Prior reports have revealed that histone deacetylase inhibitors (HDACis) like MS-275 modulate checkpoint kinase activity in cancer cells. In the case of ATM, this was attributed to an interaction with PR130, a regulatory subunit of protein phosphatase PP2A.
The present study demonstrates that MS-275 counteracts the phosphorylation of a subset of checkpoint kinases (ATM, CHK1, CHK2) upon RS while the phosphorylation of ATR remains mostly unaffected. Western blot analyses of additional factors that are involved in the RSR reveal that MS-275 deregulates multiple pathways including WEE1 and p53 signalling, which are involved in the inhibition of cell cycle-promoting CDK activity during RS. The combined loss of these cell cycle regulatory mechanisms by MS-275 triggers an aberrant progression of HCT116 colon cancer cells from HU-induced replicative arrest into mitotic catastrophe. The inhibition of individual checkpoint kinases with chemical inhibitors partially mimics the effect of MS-275.
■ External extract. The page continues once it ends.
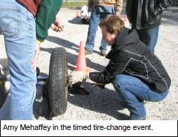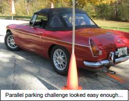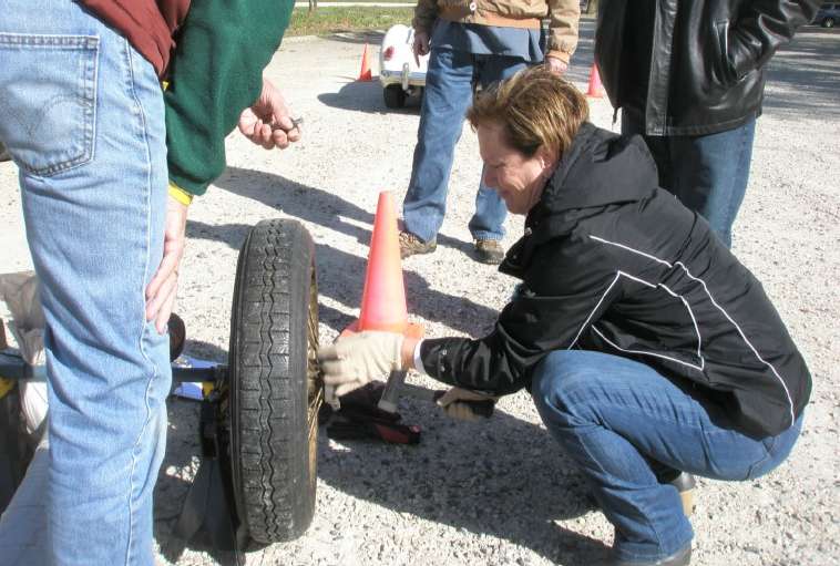 The rally cut through Cook and Lake Counties making six stops in forest preserves being presented with challenges reminiscent of a road rally to Monte Carlo. First stop the drivers were challenged with the task of locating the destination of the Monte Carlo rally on the map – where was this? (I thought Monte Carlo was a car…). Other challenging events in store for the participants were: changing a flat tire, navigating a narrow, covered bridge and parallel parking. Or course, having the necessary spare repair parts and tools to install them was a must.
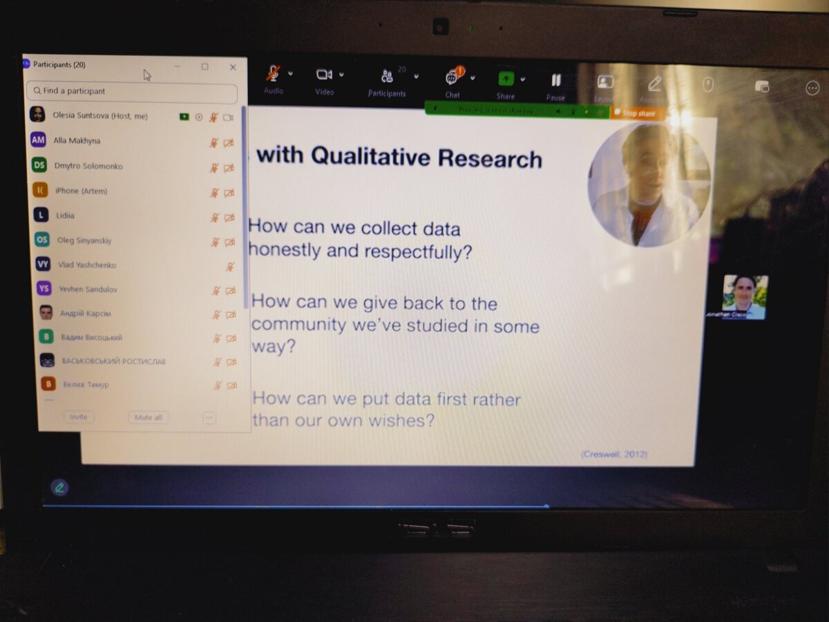 У своїй доповіді лектор зосередив увагу на ключових елементах проведення якісного наукового дослідження різноманітними методами та прийомами, які є звичними для науковців в США. У цій лекції Джонатан Ціско розглянув основні елементи якісних методів, що використовуються в дослідженнях у США, а також дослідницькі парадигми, які ґрунтують свою роботу на якісних методах. Також на лекції разом із здобувачами освіти Джонатоном було обговорено якісні дизайни та розглянуто приклади дослідницьких питань, які самі по собі підходять для якісного аналізу.

Moreover, the results in this study demonstrate for the first time the dephosphorylation of pS1981-ATM by the PR130-PP2A complex. The discovery that PR130 is acetylated and that this posttranslational modification is augmented when the HDACs1-3 are inhibited suggests a previously unrecognised acetylation-dependent mechanism for the interaction between pS1981-ATM and PR130.
The generation of a PR130-knockout cell line (HCT116ΔPR130) by CRISPR-based genome editing reveals a to-date unknown, regulatory function of PR130 in the RSR. The loss of PR130 sensitises cells to HU-induced replicative arrest that was accompanied by an excessive accumulation of RPA foci and an increased phosphorylation of H2AX; these factors indicate single stranded DNA (ssDNA) and stalled to broken replication forks, respectively. The enhanced RS levels in PR130-knockout cells are linked to the hyperphosphorylation of CHK1 and p53. Thus, the elimination of PR130 sensitised HCT116 cells to the cell cycle deregulation and RS-induced apoptosis, which was associated with a loss of the DNA repair protein RAD51 by MS-275.
In sum, this work demonstrates that class I histone deacetylase activity maintains the integrity of cell cycle checkpoints upon RS through transcriptional and post-transcriptional mechanisms that control PR130. Hence, PR130 is a novel regulator of cell fate decisions in cancer cells during RS.